## EXERCISE
The records sit below. Return every line in them that holds the word "This".

## ENTRIES SUPPLIED
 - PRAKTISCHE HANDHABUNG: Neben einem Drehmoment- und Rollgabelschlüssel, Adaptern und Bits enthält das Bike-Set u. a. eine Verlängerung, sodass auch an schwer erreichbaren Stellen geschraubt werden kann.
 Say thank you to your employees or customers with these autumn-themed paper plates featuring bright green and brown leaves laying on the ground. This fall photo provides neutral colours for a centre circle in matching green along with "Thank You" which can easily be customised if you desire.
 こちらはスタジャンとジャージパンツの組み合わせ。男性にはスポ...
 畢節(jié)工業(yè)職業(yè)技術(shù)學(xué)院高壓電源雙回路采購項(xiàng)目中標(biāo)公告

...

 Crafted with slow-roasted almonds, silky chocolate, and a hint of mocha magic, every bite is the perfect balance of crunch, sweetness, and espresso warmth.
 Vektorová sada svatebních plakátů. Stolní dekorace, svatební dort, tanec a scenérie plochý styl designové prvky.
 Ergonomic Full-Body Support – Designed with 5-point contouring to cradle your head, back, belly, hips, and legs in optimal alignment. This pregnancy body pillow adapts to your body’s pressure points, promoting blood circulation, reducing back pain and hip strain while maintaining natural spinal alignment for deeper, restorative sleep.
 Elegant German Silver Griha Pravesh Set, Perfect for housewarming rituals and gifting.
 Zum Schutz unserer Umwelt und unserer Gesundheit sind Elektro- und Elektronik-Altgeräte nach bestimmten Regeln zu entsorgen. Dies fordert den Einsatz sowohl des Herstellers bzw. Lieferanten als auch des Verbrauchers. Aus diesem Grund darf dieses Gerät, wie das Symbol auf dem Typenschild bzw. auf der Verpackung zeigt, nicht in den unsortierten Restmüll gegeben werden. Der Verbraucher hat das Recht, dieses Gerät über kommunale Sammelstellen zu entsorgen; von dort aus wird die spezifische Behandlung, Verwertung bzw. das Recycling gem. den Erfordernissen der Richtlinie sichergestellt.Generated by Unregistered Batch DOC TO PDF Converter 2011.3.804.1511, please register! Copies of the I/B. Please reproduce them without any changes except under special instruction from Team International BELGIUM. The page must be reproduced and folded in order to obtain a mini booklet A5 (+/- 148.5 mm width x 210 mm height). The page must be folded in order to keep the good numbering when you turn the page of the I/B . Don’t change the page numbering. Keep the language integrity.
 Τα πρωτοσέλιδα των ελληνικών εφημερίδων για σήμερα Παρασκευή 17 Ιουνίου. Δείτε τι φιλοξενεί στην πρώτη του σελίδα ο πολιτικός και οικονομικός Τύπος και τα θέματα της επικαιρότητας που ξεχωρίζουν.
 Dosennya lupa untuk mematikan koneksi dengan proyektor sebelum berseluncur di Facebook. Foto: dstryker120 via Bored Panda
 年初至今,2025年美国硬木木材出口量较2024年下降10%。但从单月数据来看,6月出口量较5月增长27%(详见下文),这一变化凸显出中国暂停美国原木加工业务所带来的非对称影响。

## COMPLETED EXERCISE
 Say thank you to your employees or customers with these autumn-themed paper plates featuring bright green and brown leaves laying on the ground. This fall photo provides neutral colours for a centre circle in matching green along with "Thank You" which can easily be customised if you desire.
 Ergonomic Full-Body Support – Designed with 5-point contouring to cradle your head, back, belly, hips, and legs in optimal alignment. This pregnancy body pillow adapts to your body’s pressure points, promoting blood circulation, reducing back pain and hip strain while maintaining natural spinal alignment for deeper, restorative sleep.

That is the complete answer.